Fix kv cache issue (vllm-project#1797)

shanjiaz · web-flow · commit 5b3ddff74cae · 2025-09-04T07:22:47.000-07:00
SUMMARY:
With the newest transformer change,
`test_kv_cache_gptq_model_state_dict_attr` is failing because it's
initializing empty weights on meta device and attempting to decompress
on meta device. I don't think this is the expected usage.

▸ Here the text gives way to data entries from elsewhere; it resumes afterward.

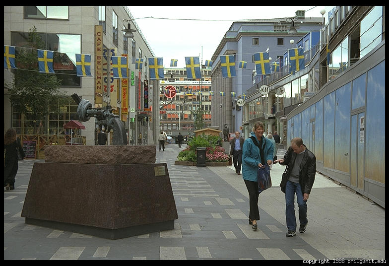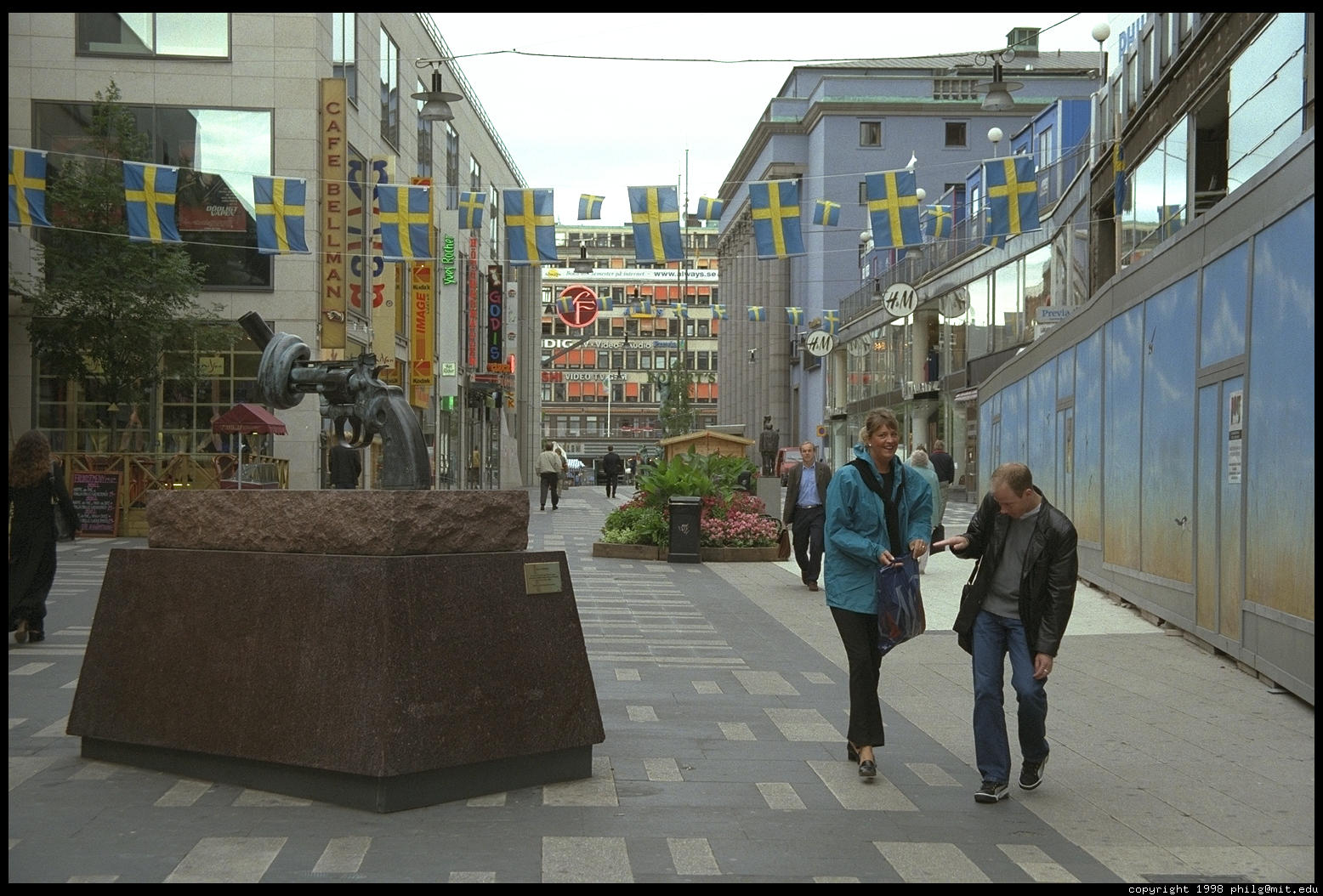A street for pedestrians in central Stockholm with an anti-violence gun statue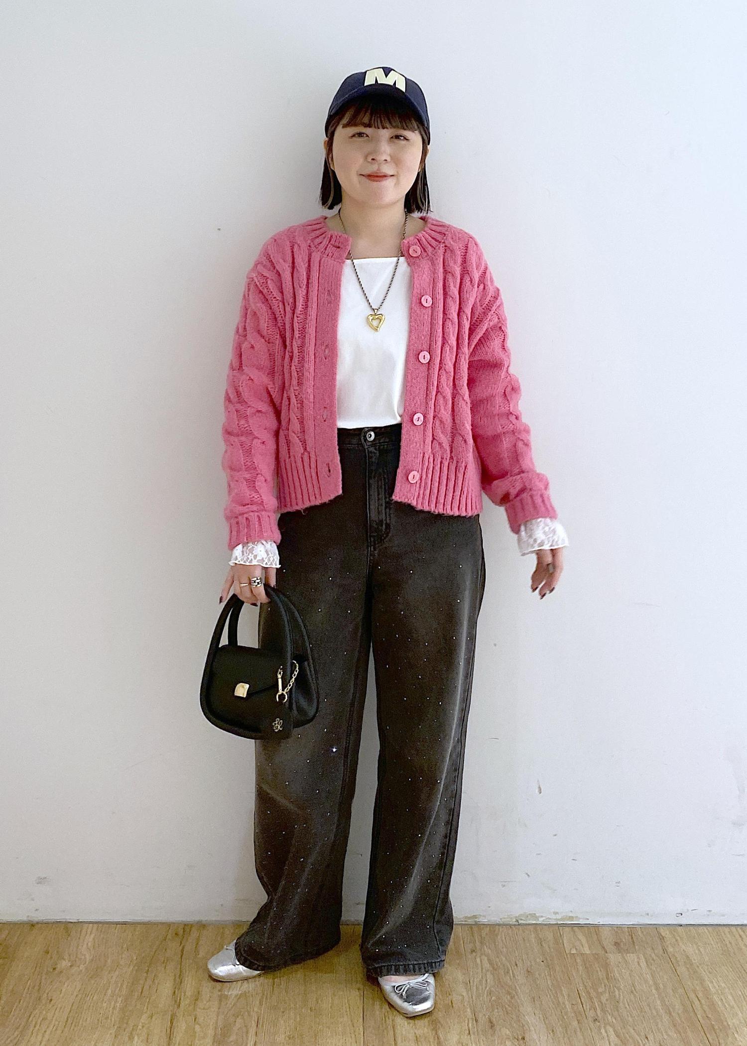 骨格ナチュラルが得意なシルエットを意識したコーディネートです。ウエストをマークしなくてもプリーツスカートで縦のラインをみせてスッキリした印象に◎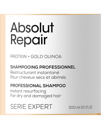 Шампоан за много изтощена коса. Моментално почиства и възстановява* косата, като я оставя мека и с невероятен блясък. Формулата със златна киноа и пшеничен протеин прави косата лека, без да я утежнява.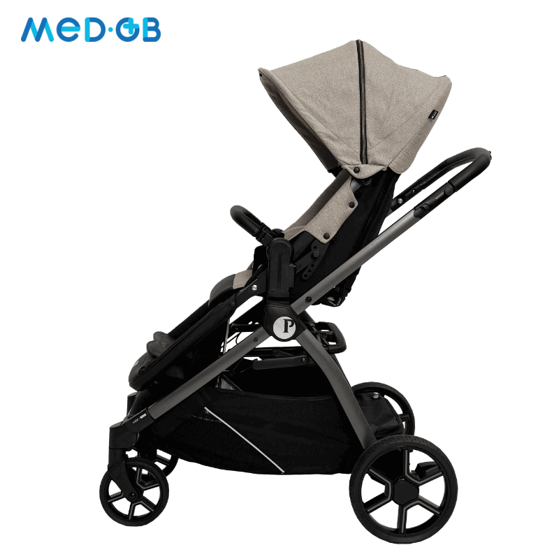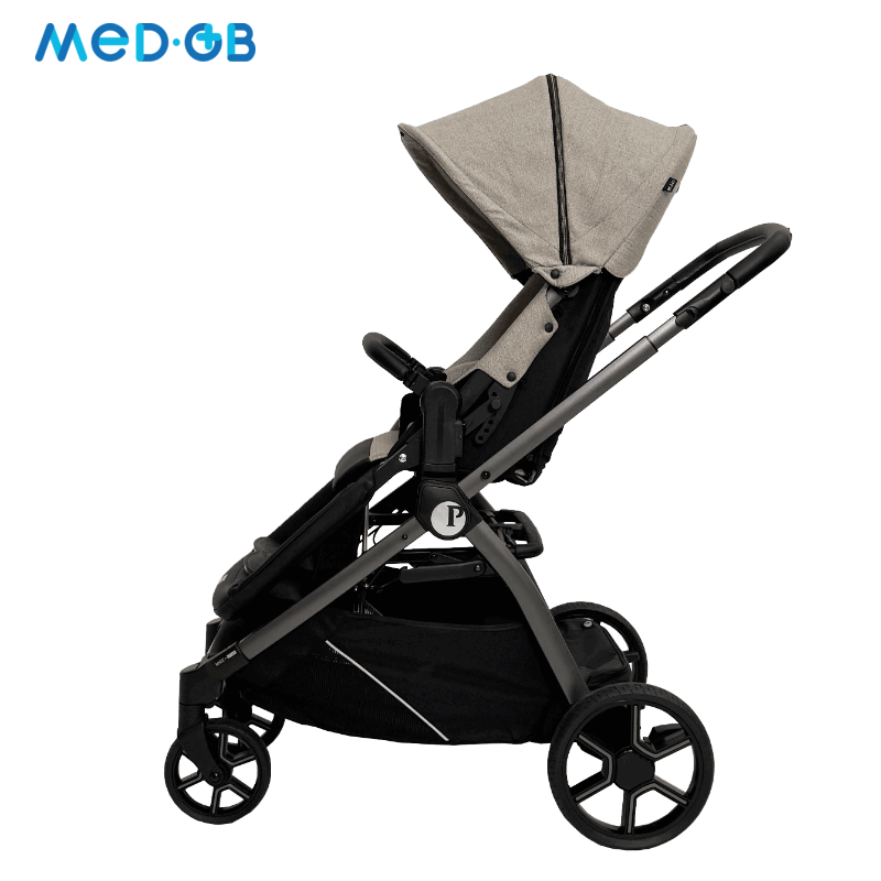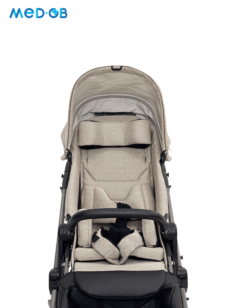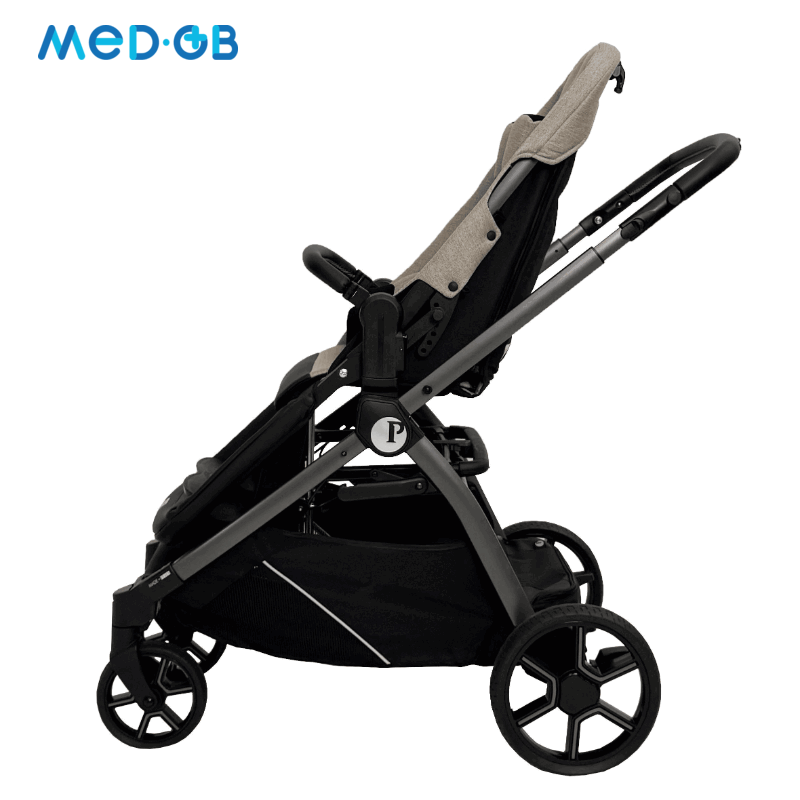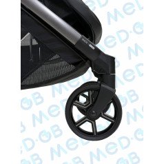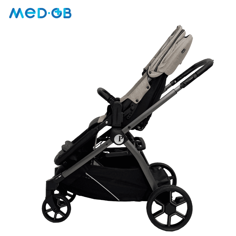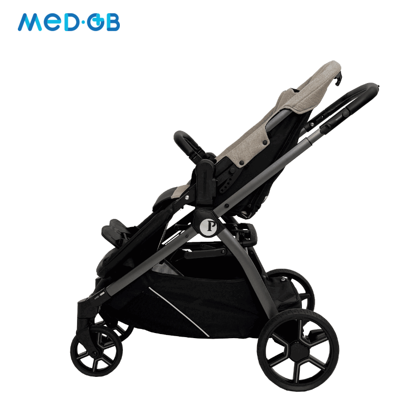 Коляска имеет легкую, но в то же время прочную алюминиевую раму, обеспечивая маневренность и простоту в управлении. Модель разработана с акцентом на меры предосторожности, необходимые для контроля осанки и поддержки в течение прогулок. Это особенно важно для детей, которые не могут самостоятельно удерживать правильное положение.

When
model_decompress is called, the weights should finish being loaded
already.


TEST PLAN:
tested locally with the following command and passed:
pytest test
tests/llmcompressor/transformers/kv_cache/test_kv_cache.py::test_kv_cache_gptq_model_state_dict_attr

---------

Signed-off-by: shanjiaz &lt;zsjwpianpian@gmail.com&gt;
diff --git a/tests/llmcompressor/transformers/kv_cache/test_kv_cache.py b/tests/llmcompressor/transformers/kv_cache/test_kv_cache.py
@@ -231,14 +231,10 @@ def test_kv_cache_gptq_model_state_dict_attr(kv_cache_fixture, tmp_path):
 
     output_dir, _ = next(kv_cache_fixture(recipe, tmp_path))
 
-    with init_empty_weights():
-        # TODO: There is a bug in `apply_quantization_config` which means that, if using
-        # CompressedLinears, the compression status is inferred to `compressed` and
-        # therefore the attention kvcache parameters never undergo initializations
-        model = AutoModelForCausalLM.from_pretrained(
-            output_dir,
-            quantization_config=CompressedTensorsConfig(run_compressed=False),
-        )
+    model = AutoModelForCausalLM.from_pretrained(
+        output_dir,
+        quantization_config=CompressedTensorsConfig(run_compressed=False),
+    )
 
     counts = 0
     for name, submodule in model.named_modules():